Bone Marrow and Blood Cell Donation
An already established alternative to gene therapy is the treatment of lysosomal storage disease patients with bone marrow or blood cells from a healthy human donor. This is similar to a kidney or liver transplant. The problem with this method is that the donor needs to be a perfect biological match with the patient, which is hard to find (Figure 2d). Although these new and healthy cells often produce enough enzyme to prevent major damage to the organs, it is not enough for the patient to be free of symptoms [5].
Summary
Although lysosomal storage diseases are very rare, their symptoms can be various and severe. Currently, there are no perfect treatment options available, but researchers keep on exploring. Specifically, the gene therapy approach is expected to result in individualized treatment options and maybe even a cure for lysosomal storage disease patients. In the meantime, patients can be helped with a variety of drugs that must be chosen for each patient individually.
Glossary
Lysosome: ↑ Specialized cell structure, surrounded by a membrane, that serves as the garbage collection system of the body‘s cells.

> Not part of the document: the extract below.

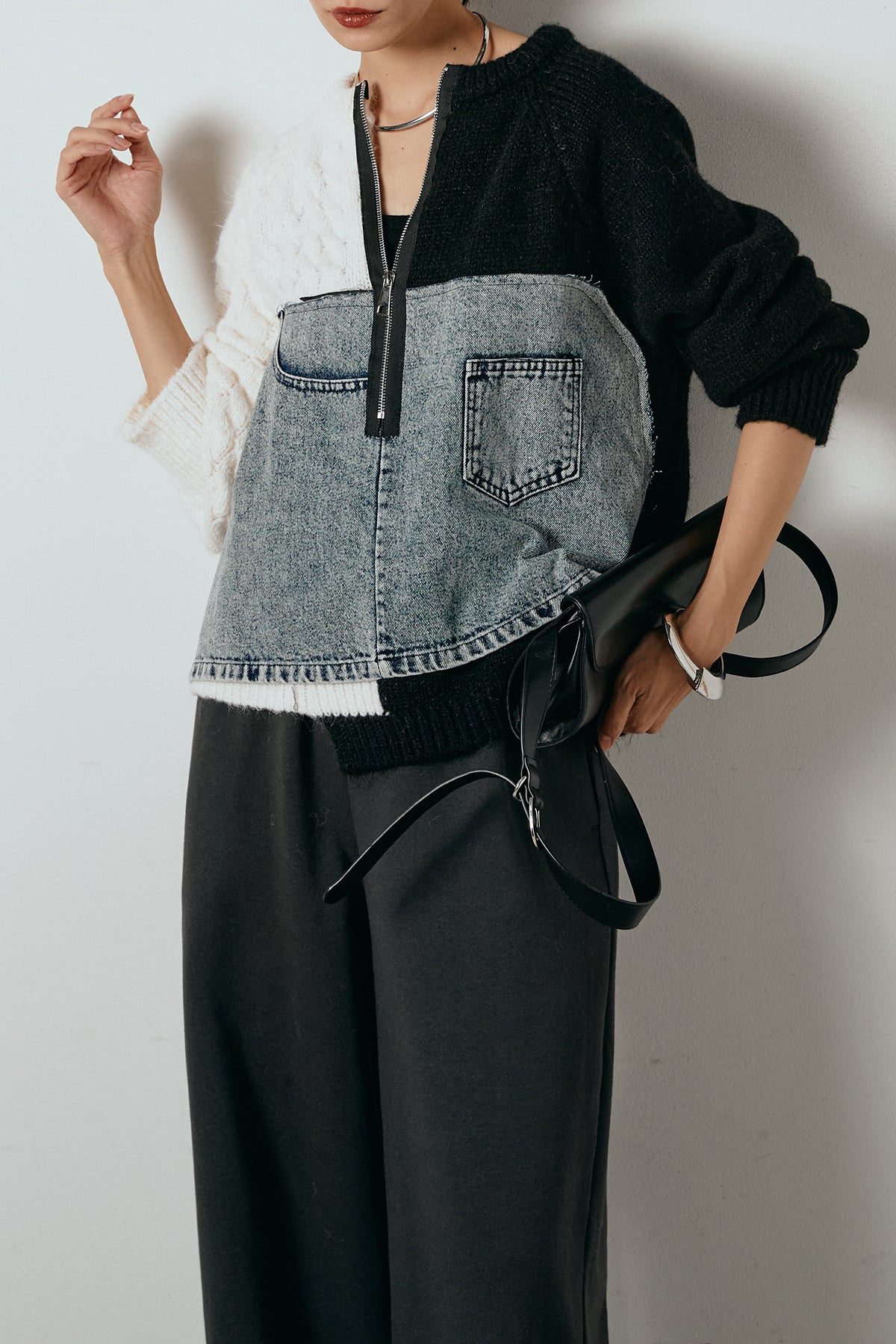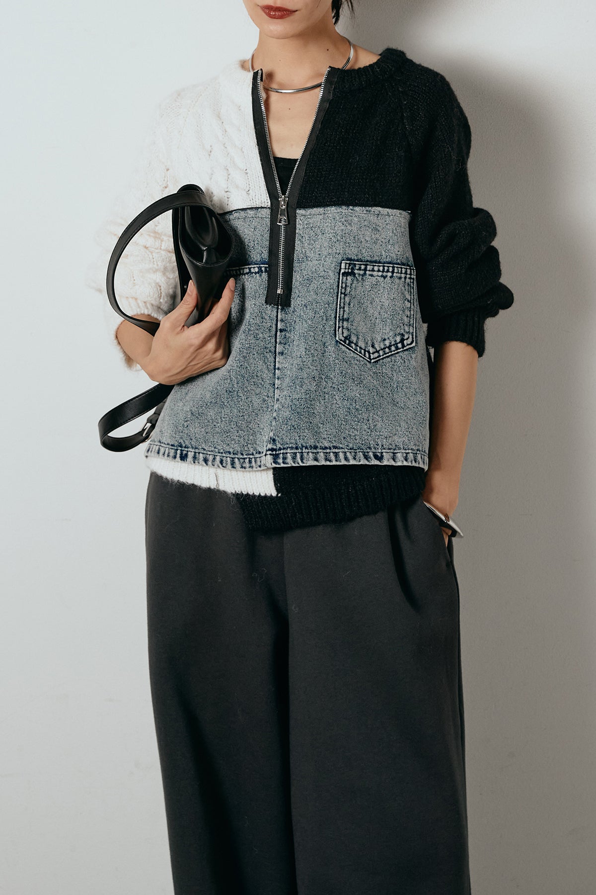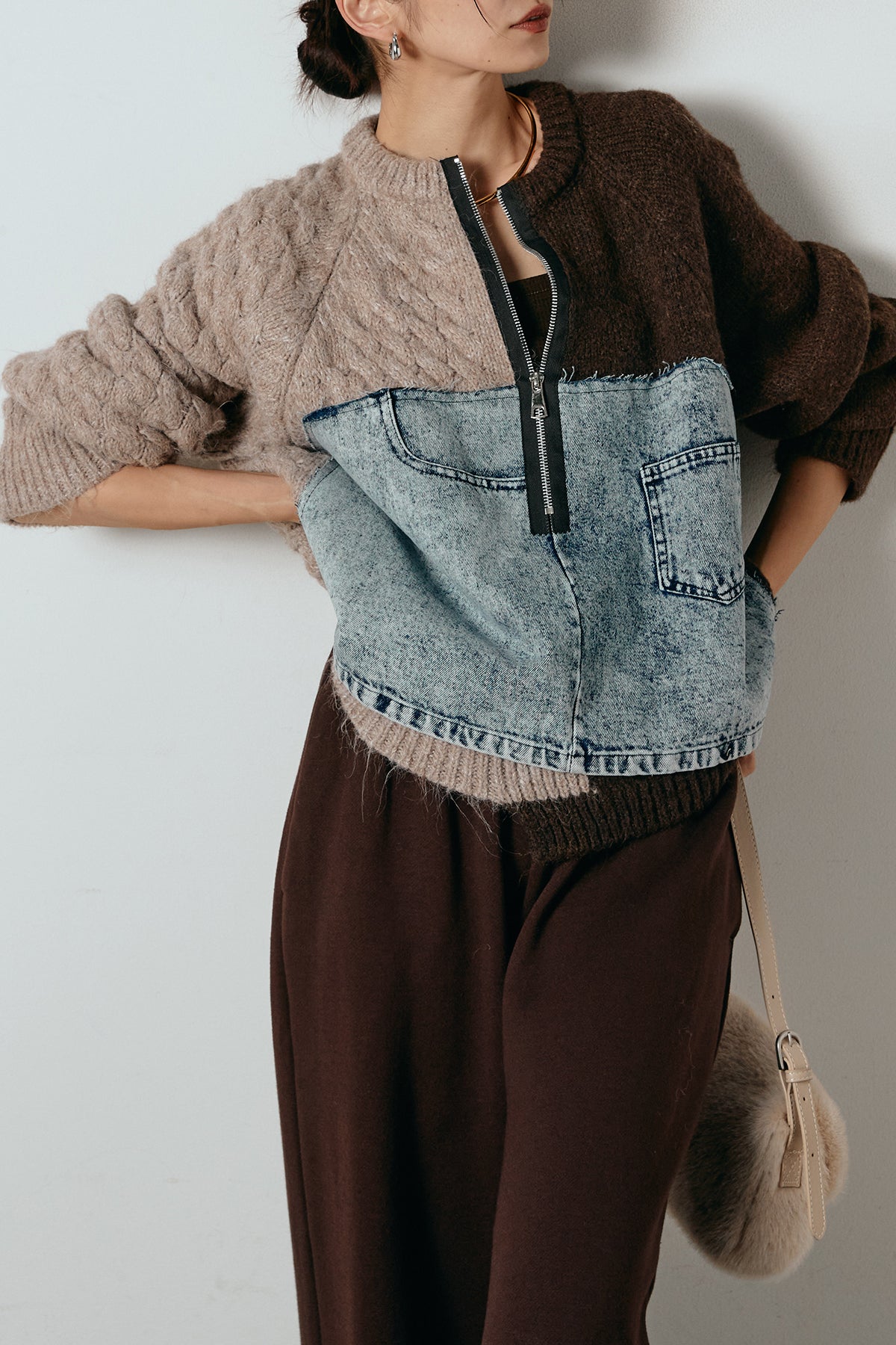 異素材を組み合わせた存在感のあるドッキングデザイン。ざっくりとしたニットにデニムパネルをミックスし、ラフさとモード感をバランスよく取り入れたトップスです。ハーフジップ仕様で抜け感の調整がしやすく、レイヤードやアクセ合わせも楽しめるデザイン。ゆるめのシルエットがこなれた印象をつくり、デニムやワイドパンツと合わせるだけで印象的なスタイリングに仕上がります。

Enzymes: ↑ Specific type of protein that can speed up a chemical reaction in the body.
Lysosomal Storage Disease: ↑ Diseases caused by not properly functioning lysosomes.
Substrate: ↑ Cellular garbage that can no longer be recycled and thus clogs the cell and eventually kills it.
Enzyme Replacement Therapy: ↑ Treatment with an enzyme that restores the function of an enzyme that is missing in the body.
Substrate Reduction Therapy: ↑ Treatment that reduces the production of a substrate.
Gene Therapy: ↑ Fixing a defective gene that otherwise causes a disease.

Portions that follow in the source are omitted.